Russ Magsig had seen Linda disappear. He stopped Pam. One step at a time, the bearded mechanic in grease-stained overalls plunged a slender eight-foot metal rod into the snow in front of him. A well-dressed mountaineer probed from the opposite direction. Both converged on the twenty-ton sled bridged across the gaping black hole. A half-hour later, Russ reached it first. He lay on his belly, looking into the hole, and shouted.

Brian spotted Russ’s silhouette against the vague light. He considered climbing up the dangling chains with the mountaineer’s rope around him, but his partner’s legs and hip ached. Brian stayed with his partner. The mountaineer had already called for a rescue team. No one else would approach the crevasse until it arrived. Insidious, -55 degree cold penetrated them.

Brian’s partner shifted his weight, kicked at some snow and hit something. They found the military thermos they’d filled with coffee before they left Williams Field. The coffee was still hot.
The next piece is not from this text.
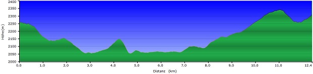 Gehzeit: 4:30 Std. Aufstieg: 850 m; Abstieg: 200 m
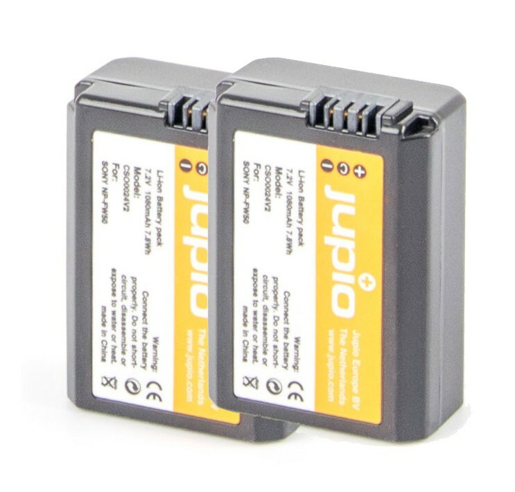 Set USB nabíječky (bez síťového zdroje) a 2 ks baterií Jupio NP-FW50 s kapacitou 1080 mAh, která je určena pro kompatibilní digitální fotoaparáty Sony.

The first of three helicopters flew over. Brian never looked up. He looked at his watch the second time: 9:30. A chunk of snow hit Linda: 10:00. Another Kiwi mountaineer hollered that she was coming down. Her rope swung six feet to the side of Linda’s cab, dangling into the void. She kicked over the edge and rappelled sixty-six feet down to them. In the closed space she smelled the stink of machines, fuel, and human bodies.

They hauled Brian’s partner out first. Then Brian roped up and swung over the abyss. He reached the surface at 10:25 p.m., startled by the clear blue sky and bright sunshine.

They’d been in the crevasse for three hours and ten minutes, cold soaked. Brian warmed a bit during the forty-minute flight to McMurdo. When he got there his core temperature was up to 95 degrees. The doctor thought the coffee had saved them.

Linda stayed in the crevasse. The place where she fell was called the Shear Zone.